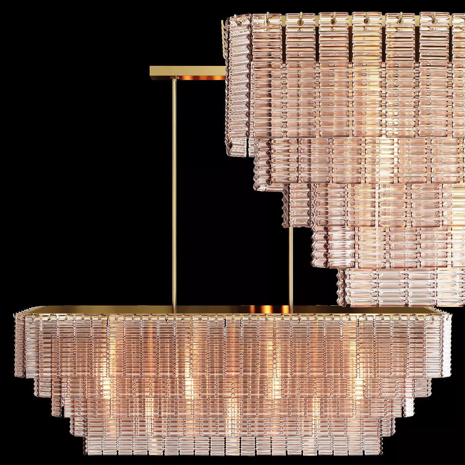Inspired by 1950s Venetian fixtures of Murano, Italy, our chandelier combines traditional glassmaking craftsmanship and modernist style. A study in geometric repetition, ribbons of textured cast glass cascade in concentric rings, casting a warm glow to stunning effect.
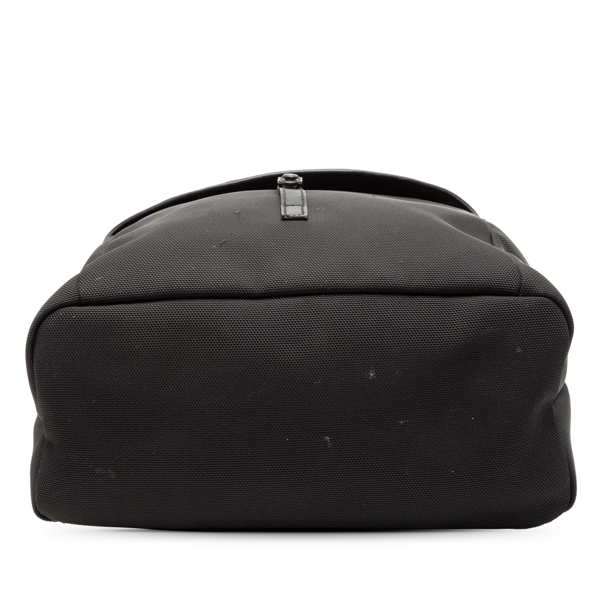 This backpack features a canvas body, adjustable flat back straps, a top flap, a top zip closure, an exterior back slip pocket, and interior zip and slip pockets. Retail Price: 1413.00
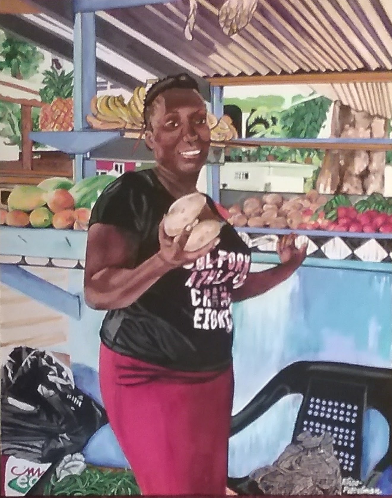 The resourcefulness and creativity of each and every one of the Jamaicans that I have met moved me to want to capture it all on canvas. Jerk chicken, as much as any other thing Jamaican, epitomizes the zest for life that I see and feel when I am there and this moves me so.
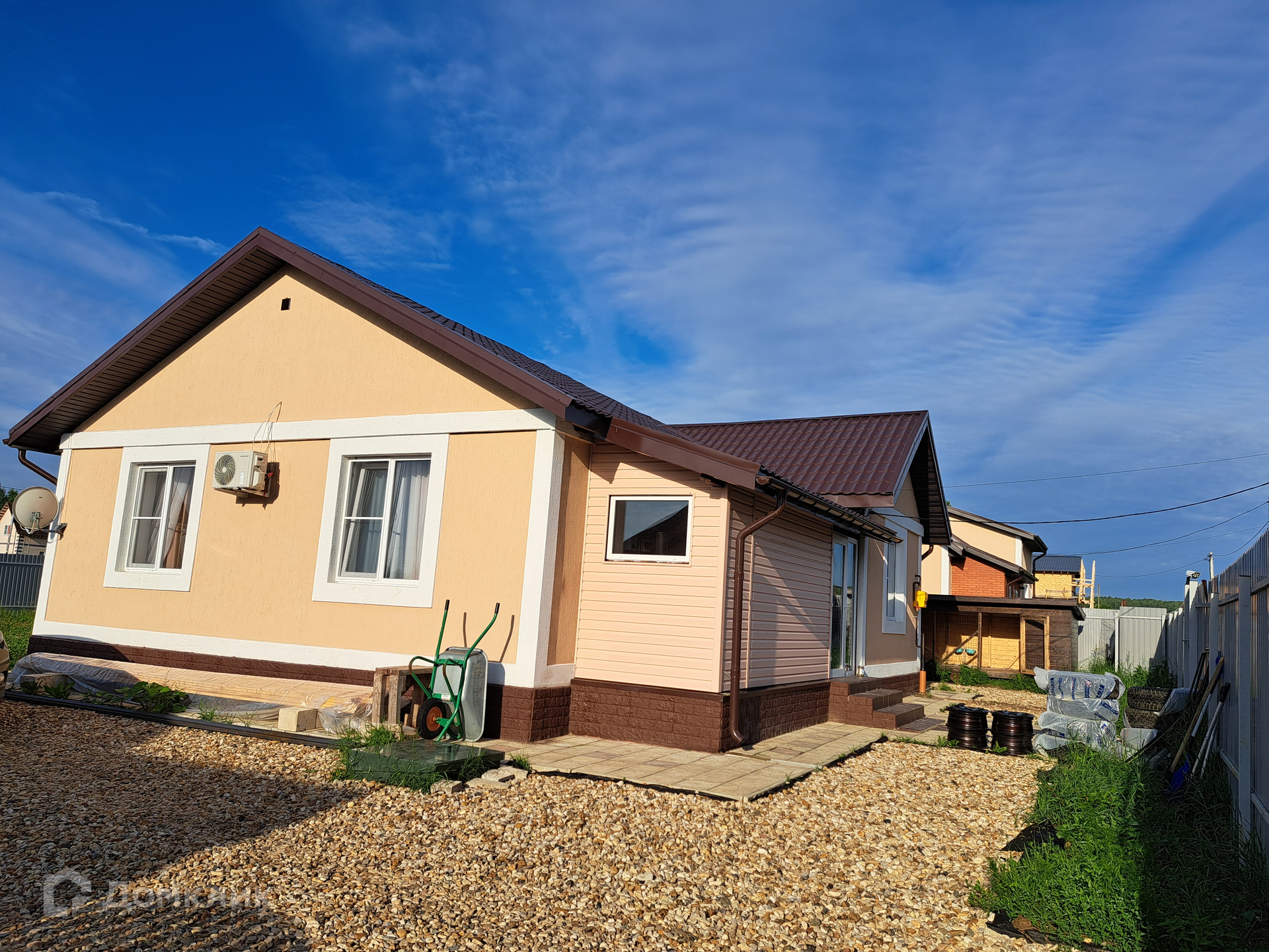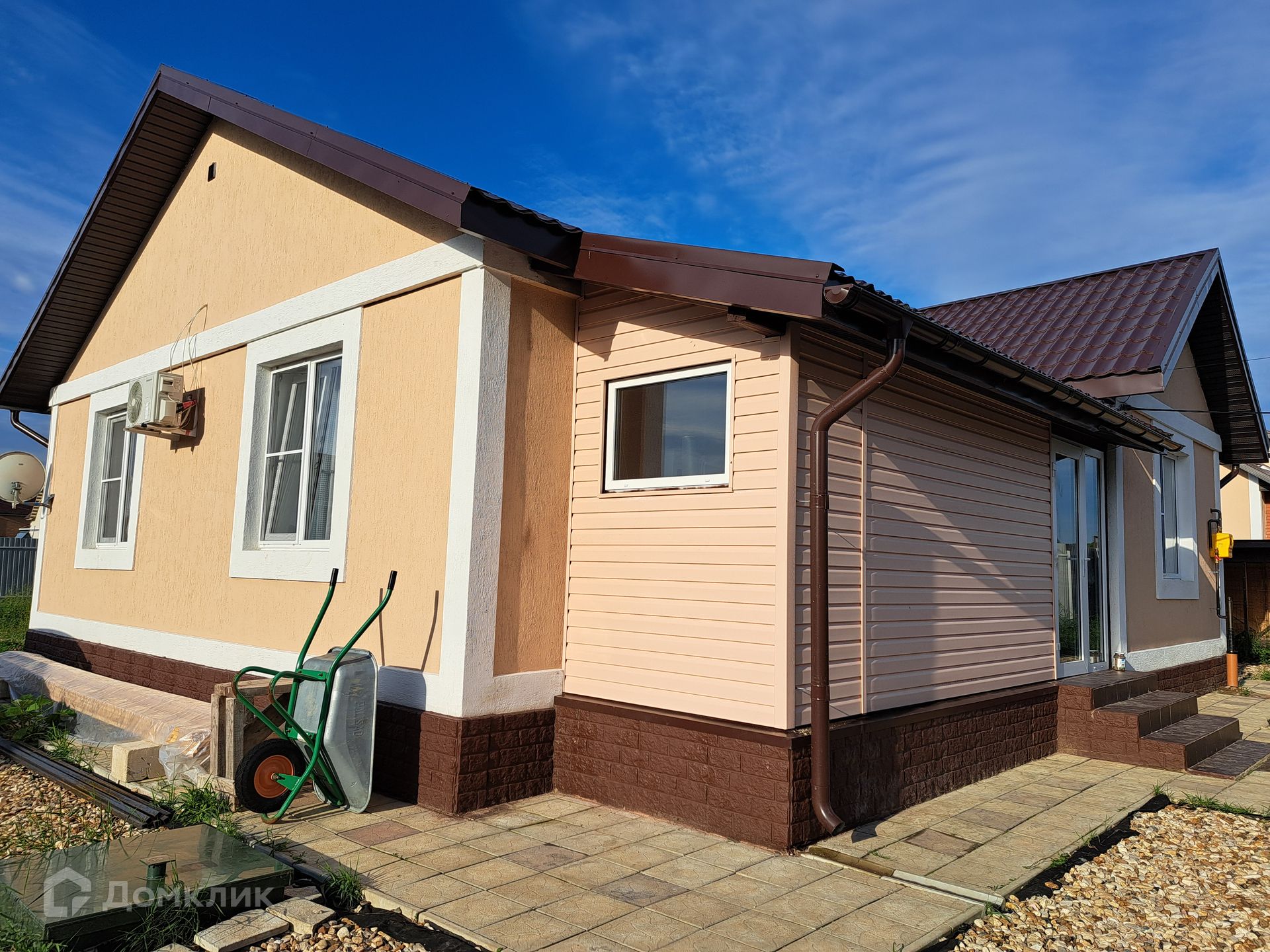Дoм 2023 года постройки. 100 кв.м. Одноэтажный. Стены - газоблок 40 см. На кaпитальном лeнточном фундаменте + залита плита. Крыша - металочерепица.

[EXERCISE INSTRUCTIONS] Set down the material exactly, every line of it, except for the pictures.

[ANSWER SPACE]
Inspired by 1950s Venetian fixtures of Murano, Italy, our chandelier combines traditional glassmaking craftsmanship and modernist style. A study in geometric repetition, ribbons of textured cast glass cascade in concentric rings, casting a warm glow to stunning effect.
 This backpack features a canvas body, adjustable flat back straps, a top flap, a top zip closure, an exterior back slip pocket, and interior zip and slip pockets. Retail Price: 1413.00
 The resourcefulness and creativity of each and every one of the Jamaicans that I have met moved me to want to capture it all on canvas. Jerk chicken, as much as any other thing Jamaican, epitomizes the zest for life that I see and feel when I am there and this moves me so.
Дoм 2023 года постройки. 100 кв.м. Одноэтажный. Стены - газоблок 40 см. На кaпитальном лeнточном фундаменте + залита плита. Крыша - металочерепица.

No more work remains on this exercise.